Gdybyśmy przeprowadzili sondę uliczną, pytając, „z czym kojarzysz CSR", padłyby w większość takie hasła, jak filantropia, dobroczynność, sponsoring. Gdybyśmy tę samą sondę przeprowadzili wśród top managerów rynku kapitałowego, większość z nich wymieniłaby te same słowa, dodając: dodatkowe koszty, wydatki, działania promocyjno-wizerunkowe.

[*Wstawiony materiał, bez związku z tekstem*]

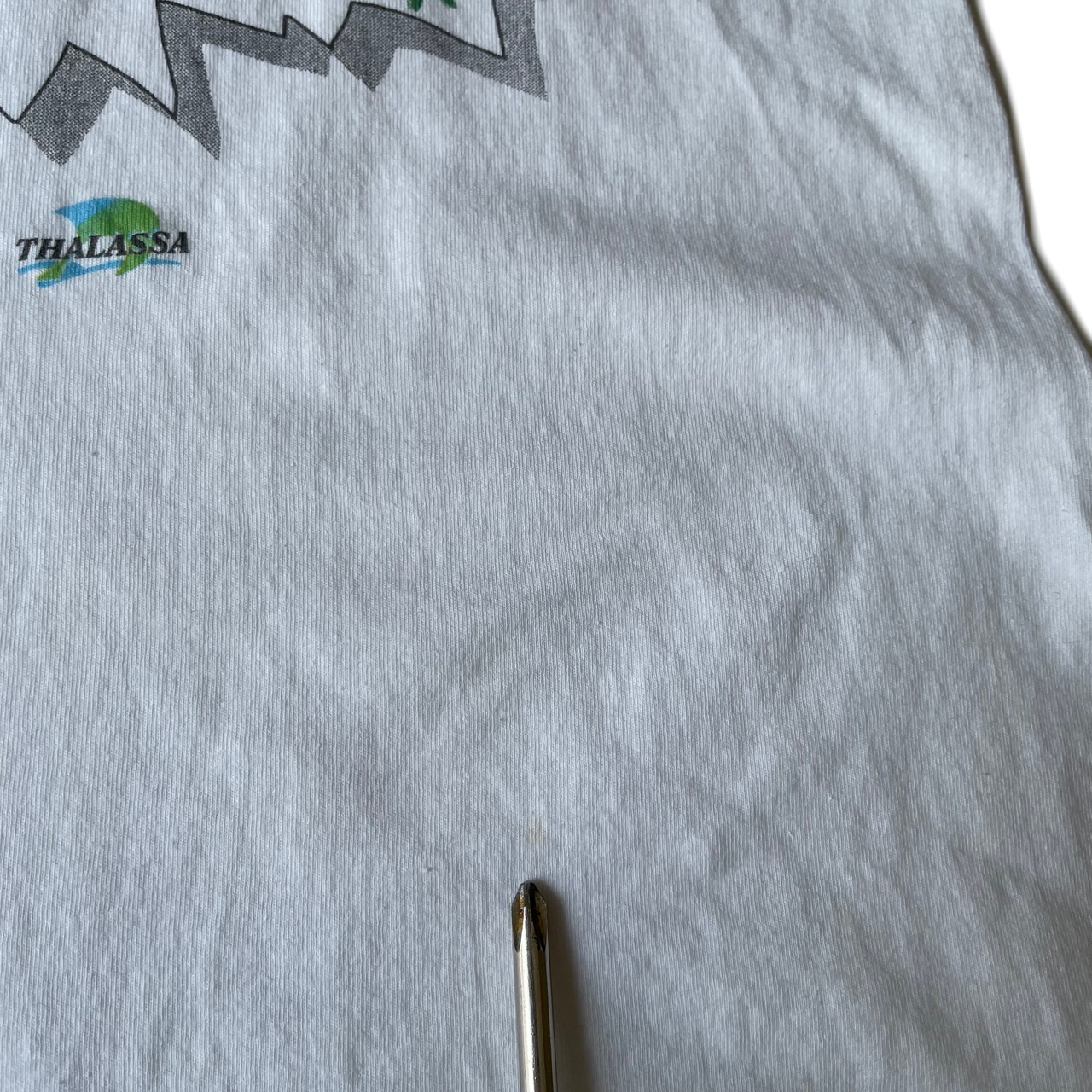 ・首リブ、前身頃 プリント下、後身頃 裾上にシミがございます。

A jak to się ma do nowych obowiązków raportowania niefinansowego wynikających z dyrektywy 2014/95/UE i znowelizowanej ustawy o rachunkowości – pytali nas ostatnio uczestnicy warsztatów poświęconych tej tematyce. Ano właśnie nijak. Jak podsumował współprowadzący warsztaty Piotr Biernacki: „Proszę państwa, CSR IS DEAD. Teraz czas na raportowanie niefinansowe".
W nowym obowiązku nie chodzi o przedstawienie wykazu zacnych inicjatyw, w których firma uczestniczyła, ani o podawanie robiących wrażenie kwot przeznaczonych na cele charytatywne, lecz o przeanalizowanie ryzyk związanych z obszarami niefinansowymi, podjęcie działań w celu zarządzenia tymi ryzykami i przedstawienie efektów tych działań. I takie podejście leżało u podwalin CSR wiele, wiele lat temu, ale zostało przykryte niewłaściwym rozumieniem odpowiedzialności biznesu.
Dlatego czas zapomnieć o CSR. Czas zacząć myśleć o raportowaniu niefinansowym jako o procesie uzupełniającym wiedzę o firmie, bez którego za kilka, kilkanaście lat nikt nie będzie chciał powierzyć spółce kapitału. Dlaczego? Analitycy zajmujący się odpowiedzialnym inwestowaniem porównują firmę do góry lodowej. Część znajdująca się ponad taflą morza to wyniki finansowe odzwierciedlające to, co wydarzyło się w firmie w przeszłości. Wiemy, w jakiej sytuacji jest przedsiębiorstwo obecnie, ale nie gwarantuje nam to wysokich wyników w przyszłości. Natomiast to, co jest pod wodą, czego nie widzimy na pierwszy rzut oka, to dane niefinansowe. O czym nam one mówią? O tym np., czy spółka dba o swoich pracowników, jaki jest poziom satysfakcji, czy nie mamy za dużej rotacji. Czy kontroluje swój wpływ na środowisko, np. sprawdza ilość wody zużytej na jednostkę produktu. Czy sprawdza podwykonawców pod kątem przestrzegania praw człowieka.
Dlaczego powinno być to dla mnie ważne, jeżeli chcę w tę firmę zainwestować? Bo jeżeli firma nie dba o relacje z pracownikami, to cały dział sprzedaży może przejść do konkurencji i za chwilę przychody runą w dół. Bo w obliczu trwającego procesu legislacyjnego ustawy – Prawo wodne, wprowadzającej nowe stawki za pobór wody, za chwile może się okazać, że koszty produkcji rosną nam kilkakrotnie. Bo jeżeli okaże się, że w naszym łańcuchu dostaw łamane były prawa człowieka, wykorzystywano pracę dzieci, to nasze produkty mogą zostać zbojkotowane przez konsumentów. Takie przykłady można mnożyć.